◆ **Your objective**
Your answer must be an exact copy of the records below, with no pictures in it.

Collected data
————————

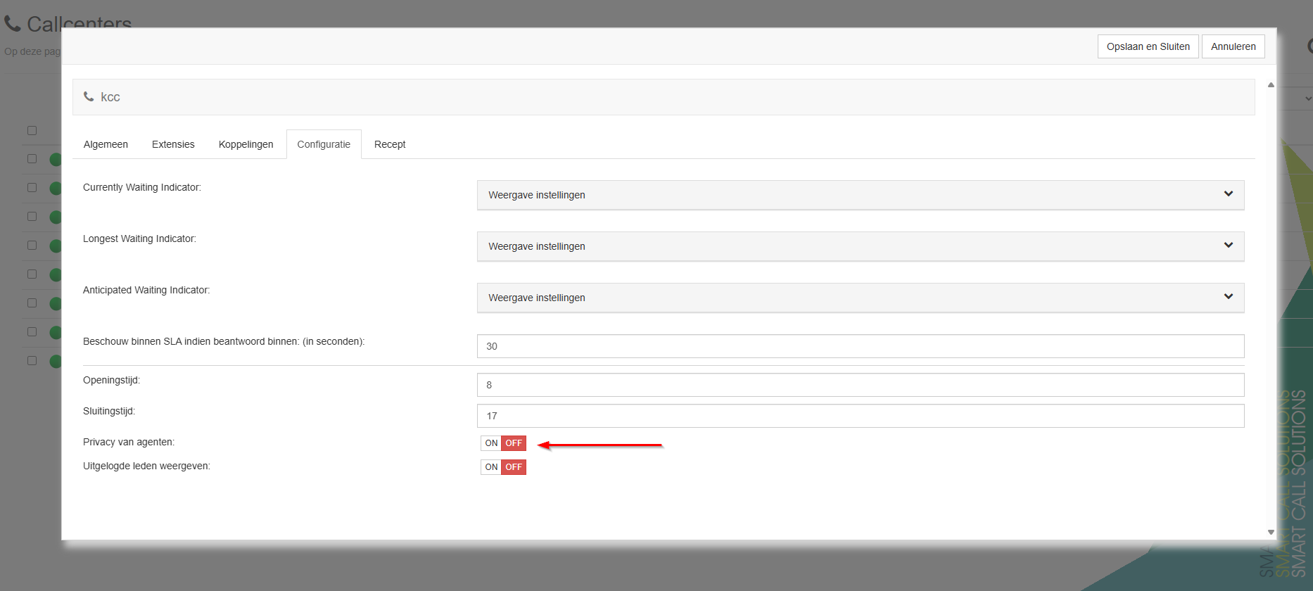 - Open de details van de callcenter.
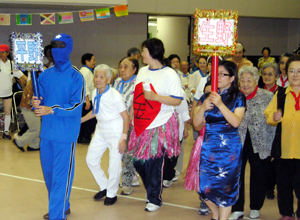 【大阪】大阪市生野区と平野区の介護事業所、NPO在日コリアン高齢者支援センターサンボラム(李成俊理事長)を利用するお年寄りたちが8日、生野区民センターで運動会を楽しんだ。両事業所からお年寄り59人が「第4回サンボラム杯」をめざし、赤・青2チームに分かれて争った。
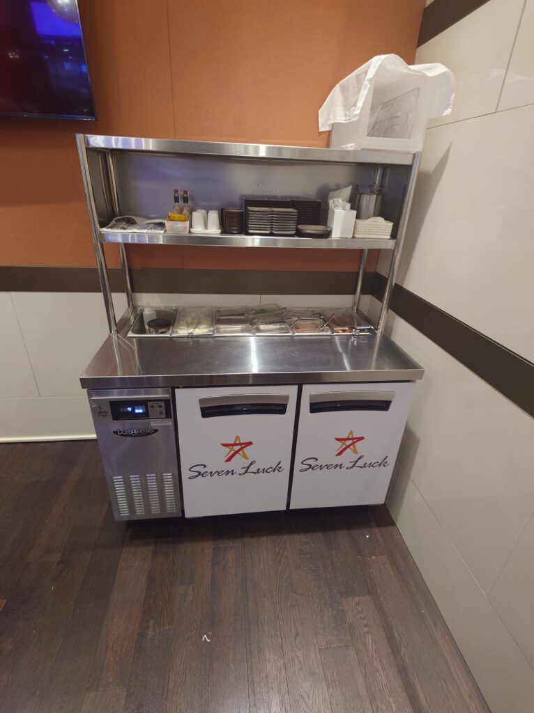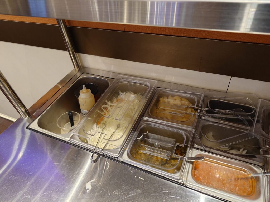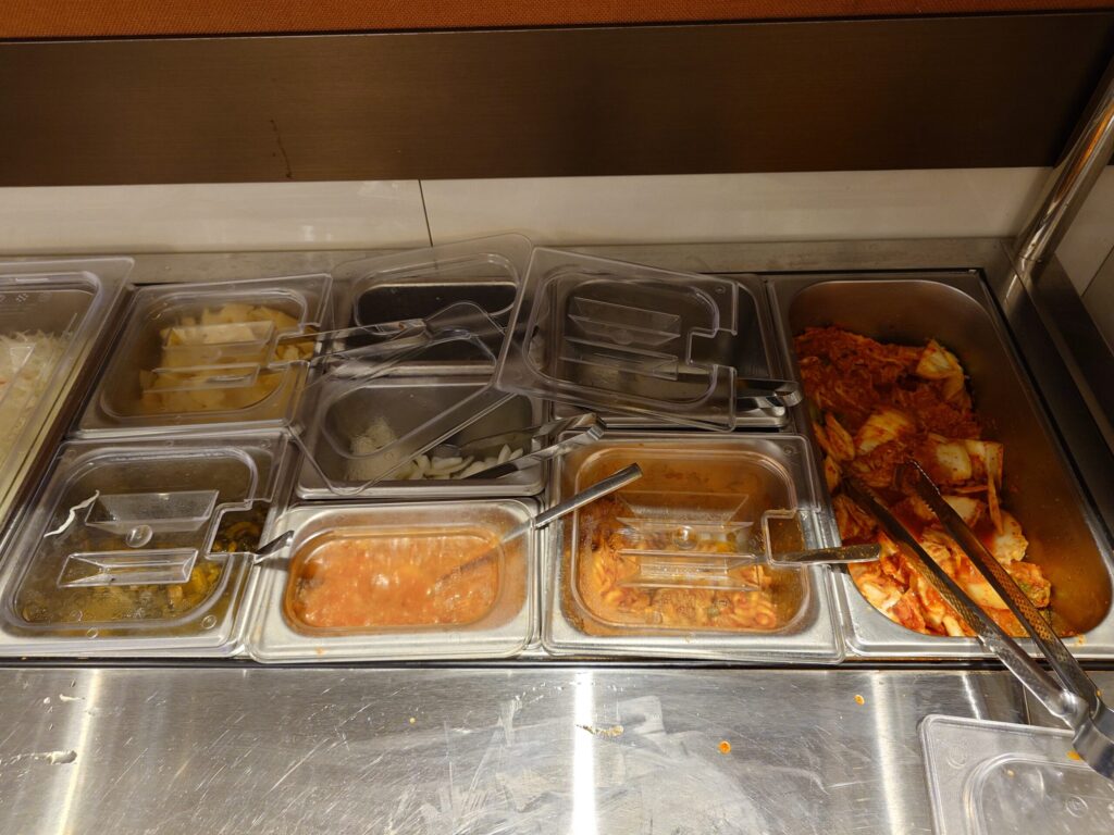 気持ち程度のラインナップだが、キムチやサラダはセルフで食べ放題。
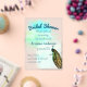 A vintage peacock by D'Orbigny brings elegance to this turquoise bridal shower invitation with watercolor splashed background and teal text.
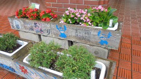 プランターの模様替え、花の植えかえをしたことは先日お知らせしました。園芸ボランティアの道原さんが一つ一つのプランターに花の名前の名札を作ってきてくださいました。ありがとうございます。校内でもすこやか委員会が花の名前を紹介します。
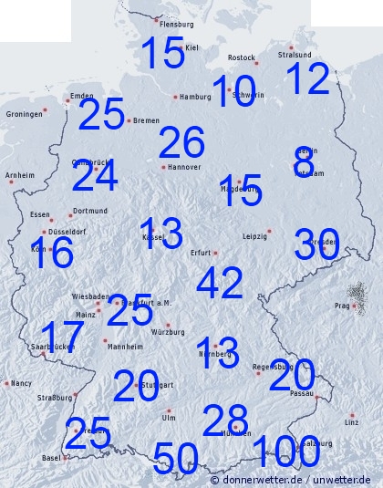 Die bis Montag 00.00 Uhr zu erwartenden Niederschlagsmengen werden sehr unterschiedlich auftreten, da sie meist in Form von Schauern und Gewittern fallen. Im Nordosten unseres Landes werden die Mengen eher niedriger ausfallen, sonst kann es regional zu großen Unterschieden kommen. Am Alpenrand sind vermutlich Mengen von 50 bis 100 Liter, stellenweise auch noch mehr zu erwarten.
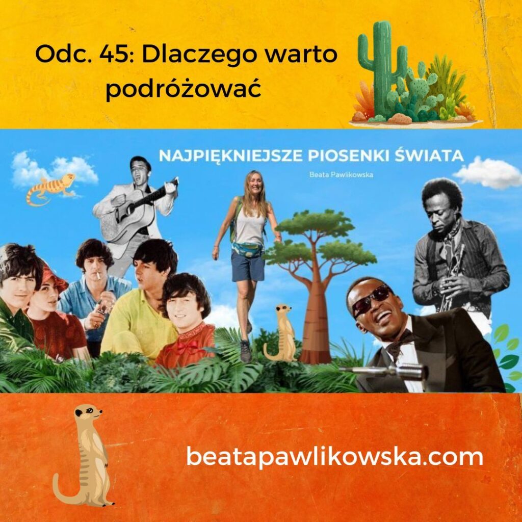 O tym jak podróże zmieniają życie, o wyprawie do Afryki, o tym, co jest niemożliwe do zaplanowania i przewidzenia, a samo nas znajduje, o tym dlaczego przestałam łowić ryby, o lodówce Lenny’ego Kravitza i o odkrywaniu nowej rzeczywistości. Muzycznie: Toto, Tinariwen, Dire Straits, Lenny Kravitz, Carrapicho, Roberto Carlos, Diego El Cigala, Rosario Flores, Gipsy Kings.
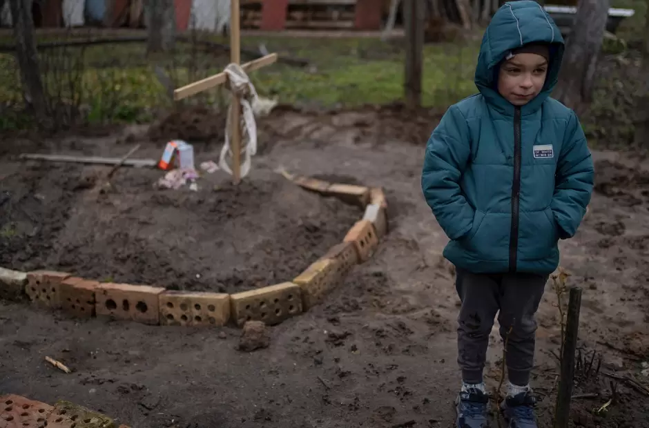 El fotógrafo también capturó la mirada vacía de Vlad Tanyuk, de seis años, hermano de Vova e hijo de Ira. Enfundado en una campera verde con capucha, con las manos en los bolsillos y la cabeza inclinada hacia abajo, parado delante de donde descansa hoy su madre, no miró la cámara de Rodrigo, pero sabía que le estaba sacando una foto.
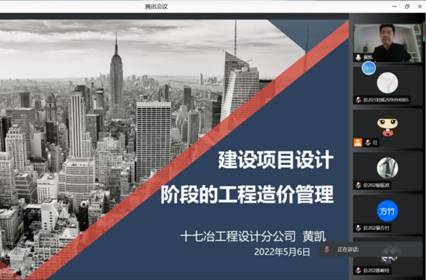 邀请中国十七冶集团工程设计分公司党总支书记、经理黄凯于2022年5月6日上午通过腾讯会议线上开展了“以设计为主导的工程成本管理体系构建”为主题的专题报告。
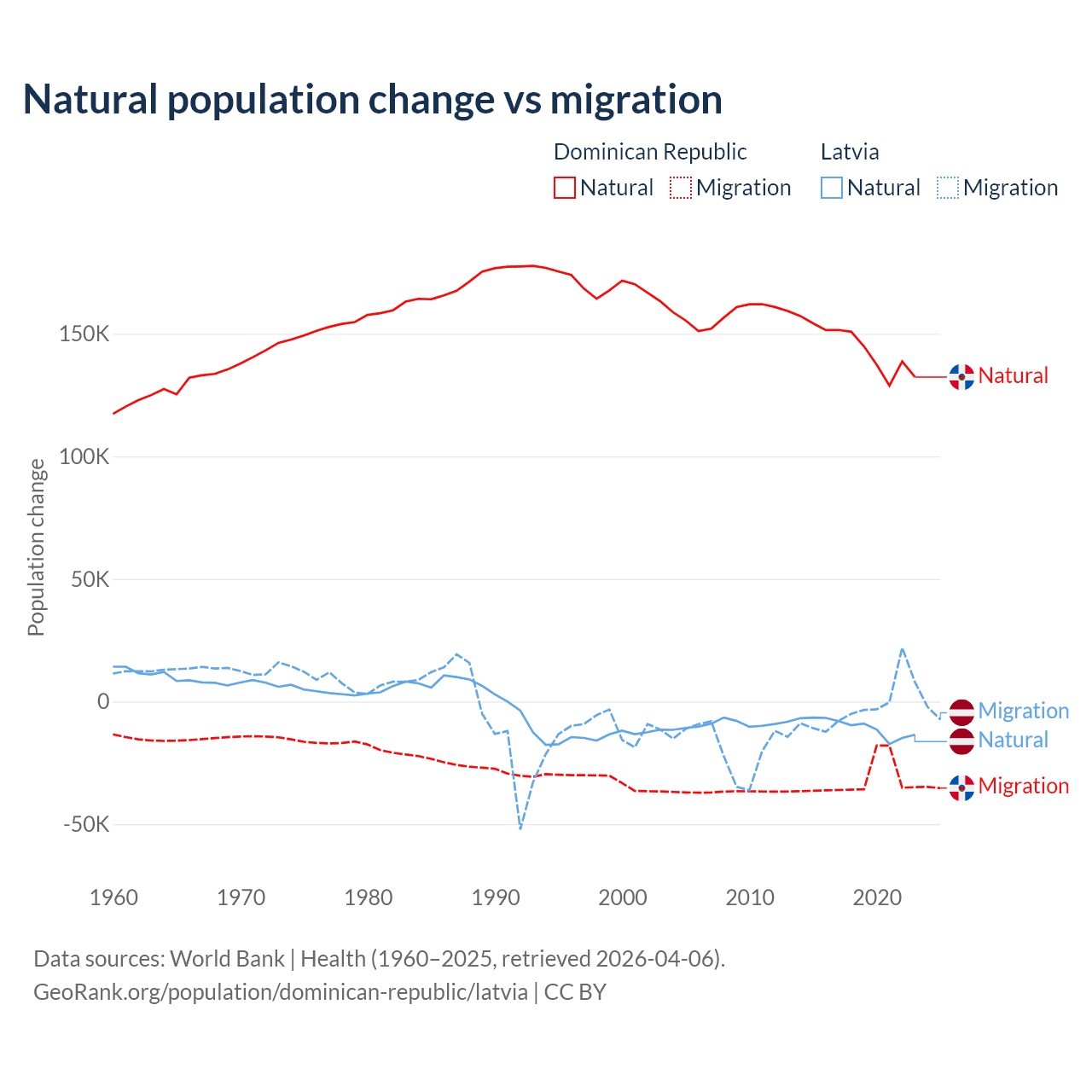 Over the last 10 years, 81.8% of the population change in the Dominican Republic is from natural causes (a gain of 1,447,764 people) and 18.2% is from migration (a loss of 322,919 people). In Latvia 82.7% is from natural causes (a loss of 103,711 people) and 17.3% is from migration (a loss of 21,641 people).

————————

◆ **Task output**
 - Open de details van de callcenter.
 【大阪】大阪市生野区と平野区の介護事業所、NPO在日コリアン高齢者支援センターサンボラム(李成俊理事長)を利用するお年寄りたちが8日、生野区民センターで運動会を楽しんだ。両事業所からお年寄り59人が「第4回サンボラム杯」をめざし、赤・青2チームに分かれて争った。
 気持ち程度のラインナップだが、キムチやサラダはセルフで食べ放題。
 A vintage peacock by D'Orbigny brings elegance to this turquoise bridal shower invitation with watercolor splashed background and teal text.
 プランターの模様替え、花の植えかえをしたことは先日お知らせしました。園芸ボランティアの道原さんが一つ一つのプランターに花の名前の名札を作ってきてくださいました。ありがとうございます。校内でもすこやか委員会が花の名前を紹介します。
 Die bis Montag 00.00 Uhr zu erwartenden Niederschlagsmengen werden sehr unterschiedlich auftreten, da sie meist in Form von Schauern und Gewittern fallen. Im Nordosten unseres Landes werden die Mengen eher niedriger ausfallen, sonst kann es regional zu großen Unterschieden kommen. Am Alpenrand sind vermutlich Mengen von 50 bis 100 Liter, stellenweise auch noch mehr zu erwarten.
 O tym jak podróże zmieniają życie, o wyprawie do Afryki, o tym, co jest niemożliwe do zaplanowania i przewidzenia, a samo nas znajduje, o tym dlaczego przestałam łowić ryby, o lodówce Lenny’ego Kravitza i o odkrywaniu nowej rzeczywistości. Muzycznie: Toto, Tinariwen, Dire Straits, Lenny Kravitz, Carrapicho, Roberto Carlos, Diego El Cigala, Rosario Flores, Gipsy Kings.
 El fotógrafo también capturó la mirada vacía de Vlad Tanyuk, de seis años, hermano de Vova e hijo de Ira. Enfundado en una campera verde con capucha, con las manos en los bolsillos y la cabeza inclinada hacia abajo, parado delante de donde descansa hoy su madre, no miró la cámara de Rodrigo, pero sabía que le estaba sacando una foto.
 邀请中国十七冶集团工程设计分公司党总支书记、经理黄凯于2022年5月6日上午通过腾讯会议线上开展了“以设计为主导的工程成本管理体系构建”为主题的专题报告。
 Over the last 10 years, 81.8% of the population change in the Dominican Republic is from natural causes (a gain of 1,447,764 people) and 18.2% is from migration (a loss of 322,919 people). In Latvia 82.7% is from natural causes (a loss of 103,711 people) and 17.3% is from migration (a loss of 21,641 people).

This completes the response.